Analog Sensors

5.8. Analog Sensors#

Analog sensors are devices that produce a continuous electrical signal in response to a physical quantity. Unlike digital sensors, which only provide two states (on/off), analog sensors can represent a full range of values. This makes them ideal for measuring real-world phenomena that vary smoothly, such as temperature, light, or pressure.

Analog sensors typically output a voltage (or sometimes a current) that changes in proportion to what they are measuring.

Examples

  • Temperature: A thermistor changes its resistance with temperature. When placed in a circuit, it produces a voltage that rises or falls with heat.

  • Light: A photoresistor (LDR) reduces its resistance as light intensity increases, changing the voltage across it.

  • Force/Pressure: A strain-gauge load cell generates a small change in voltage when force is applied.

  • Sound: A microphone converts sound waves into a voltage waveform that follows the shape of the vibrations.

5.8.1. Analog-to-Digital Converters (ADCs)#

A microcontroller reads analog signals using an analog-to-digital converter (ADC), which translates the continuous voltage into digital numbers. Most modern microcontrollers include analog-to-digital converters.

Note

ADC functionality is more costly to produce than digital only pins on a microcontroller. Therefore only a few pins will have this functionality available.

ADCs have characteristics that govern how faithfully they are able to represent an analog signal:

  • Resolution - how many steps the ADC divides the voltage range into.

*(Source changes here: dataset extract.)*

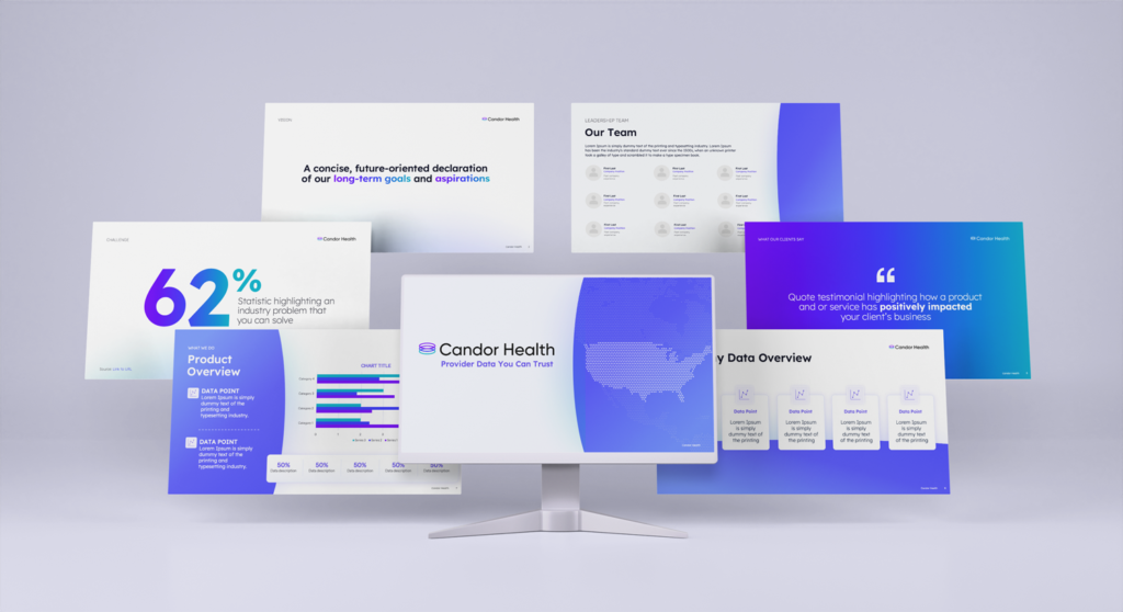As a design consultant for Candor Health, I partnered closely with the CEO, Head of Strategic Partnerships, and Marketing Lead to refine and simplify the company’s digital presence. I helped shape a clearer, more intuitive website experience by streamlining the design, strengthening visual hierarchy, and aligning the interface with the brand’s evolving identity. To keep every touchpoint cohesive, I developed a suite of social media templates that reflected the updated branding. I also designed a comprehensive pitch deck and a flexible Google Slides template to support business development and client presentations. In addition to digital and brand work, I consulted on the design of Candor Health’s new office space, creating multiple visual directions and environmental design options to help guide their decision-making.

For example, a 10-bit ADC (like in the micro:bit) splits 0-3.3 V into 1024 levels (0-1023). Quantisation is the term used to describe the rounding effect that happens because the ADC can only report a discrete step value.

  • Sampling rate - how often the ADC takes readings per second. Higher rates capture faster-changing signals.

5.8.2. Example: Reading Analog Values With MicroPython#

Here’s a simple example of reading an analog sensor (such as an LDR on pin0) using MicroPython on the BBC micro:bit:

from microbit import *

while True:
    sensor_value = pin0.read_analog()  # 0 to 1023
    print(sensor_value)
    sleep(500)

To convert this voltage reading to a temperature, we would have to know the calibration curve provided by the manufacturer of the LDR sensor.